Ringkasan Berita
- Anggota Komisi I DPR, Syamsu Rizal alias Deng Ical, menegaskan bahwa negara tidak boleh abai terhadap tindak kekerasa…
- "Kekerasan terhadap jurnalis adalah bentuk nyata pelanggaran kebebasan pers.
- Para pelaku, siapa pun dia, wajib diproses hukum secara adil dan transparan," kata Deng Ical, Jumat (22/8).
Topikseru.com – Kasus kekerasan jurnalis saat liputan sidak Kementerian Lingkungan Hidup di Serang, Banten, memantik sorotan tajam DPR RI.
Anggota Komisi I DPR, Syamsu Rizal alias Deng Ical, menegaskan bahwa negara tidak boleh abai terhadap tindak kekerasan yang merusak kebebasan pers.
“Kekerasan terhadap jurnalis adalah bentuk nyata pelanggaran kebebasan pers. Negara harus hadir memberikan perlindungan. Para pelaku, siapa pun dia, wajib diproses hukum secara adil dan transparan,” kata Deng Ical, Jumat (22/8).

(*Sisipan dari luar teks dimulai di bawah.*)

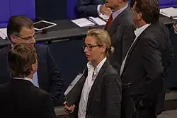 Weidel joined the Alternative for Germany (AfD) in October 2013.[23] According to Weidel, she was first attracted to the party due to her opposition to the euro.[24] She was elected to the federal executive committee of the AfD in June 2015.[25] In April 2017, she was elected co-lead candidate of the party.[15] She is the first lesbian to serve as a lead candidate of her party.[26] She has been identified by the media as belonging to the more moderate conservative Alternative Mitte faction within the AfD.[27][28]
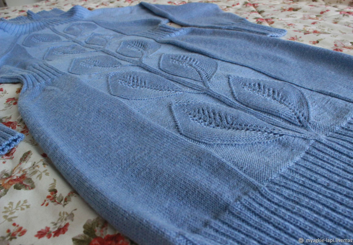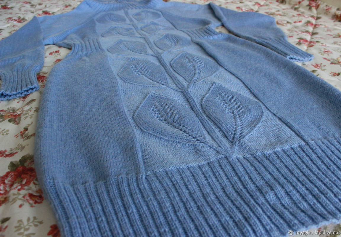 голубой, платье, вязаное платье, платье спицами, теплое платье, шерстяное платье
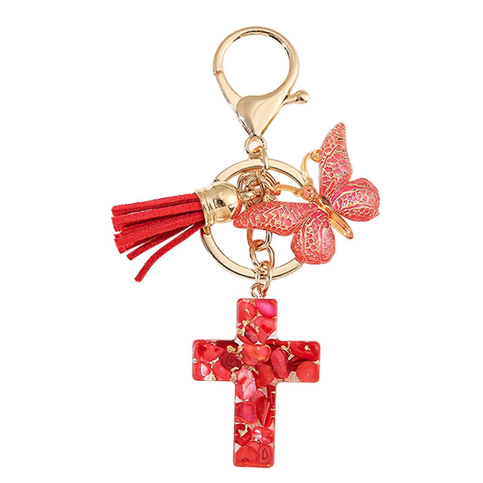 Vintage Cross-Butterfly Tassel Keychain For Women Versatile Keychain Bag Charm Handbag Decoration
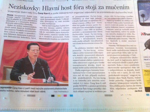 Češka televizija je izvijestila: „Rečeno je da je Zhang Gaoli odgovoran za uhićivanje i mučenje Falun Gong praktikanata.“
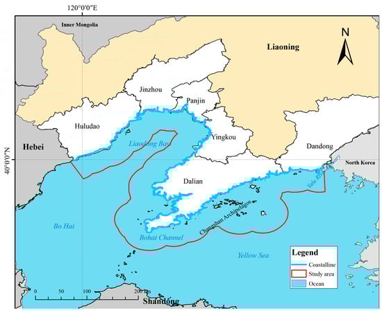 Liaoning Province is the northernmost coastal province in China, bordering the Bohai Sea and the Yellow Sea to the south. It experiences a temperate monsoon climate and is situated between 118°53′ to 125°46′E and 38°43′ to 43°26′N, as shown in Figure 1. The coastline of Liaoning Province stretches from the mouth of the Yalu River in the east to the boundary with Hebei Province in the west, spanning five different latitudes from north to south. The coastline is characterized by its winding and intricate nature, featuring diverse geological types. Numerous rivers flow into the sea along the coast, enriching the area with nutrients. This has given rise to two major marine ecosystems, the northern Yellow Sea and the Liaodong Bay, which are significant for fisheries production in the region []. In recent years, influenced by market demand and policies, the mariculture areas of various scales in Liaoning Province have shown a growing trend []. The growth rate of mariculture production and the expansion rate of mariculture ponds in Liaoning also rank among the highest in China’s coastal provinces [].
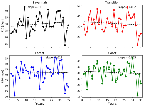 The number of heavy rainfall days is the annual count of days when the rainfall values are >10 mm. From Figure 9, it is observed that, both the Savannah and Transition zones show weak increasing trends of 0.100 and 0.092 per year respectively. An almost steady-increasing trend (0.011 mm per year) of the number of heavy rainfall days is observed over the Forest zone whilst on the other hand, a rather steady-decreasing trend (−0.055 mm per year) is observed in the Coastal zone of the country which is consistent with findings in [9] [17].

Desakan Hukum Tanpa Pandang Bulu
Deng Ical menekankan bahwa apabila benar ada keterlibatan anggota Brimob dalam pengeroyokan, maka aparat penegak hukum harus mengambil langkah tegas.
“Oknum Brimob yang terbukti melakukan pengeroyokan harus dihukum berat. Jangan ada kesan pembiaran, karena hal ini mencoreng nama institusi dan menimbulkan ketakutan bagi pers,” ujarnya.
Dia menambahkan, kebebasan pers adalah pilar demokrasi. Karena itu, segala bentuk intimidasi terhadap wartawan sama saja dengan ancaman terhadap demokrasi itu sendiri.
Kasus Masih Diselidiki
Polda Banten telah memeriksa dua anggota Brimob berinisial TG dan TR yang diduga terlibat dalam insiden di PT Genesis Regeneration Smelting (GRS), Kabupaten Serang.
“Pemeriksaan masih berjalan, dan hasilnya akan kami sampaikan secara resmi setelah proses selesai,” ujar Kabid Humas Polda Banten.
Sementara itu, Kapolres Serang, AKBP Condro Sasongko, mengungkapkan bahwa insiden bermula saat tim KLH kembali ke pabrik GRS untuk menindaklanjuti dugaan pencemaran lingkungan. Penolakan dari pihak perusahaan memicu bentrokan.
“Ada empat orang humas KLH dan satu rekan media yang diduga dikeroyok oleh petugas keamanan dan beberapa karyawan,” jelasnya.
DPR dan Dewan Pers Diminta Kawal Kasus
Deng Ical meminta Dewan Pers, organisasi wartawan, hingga lembaga HAM turut mengawal proses hukum.
“Kami di Komisi I DPR RI akan memantau kasus ini. Aparat jangan main-main, penegakan hukum harus tegas dan terbuka,” tegasnya.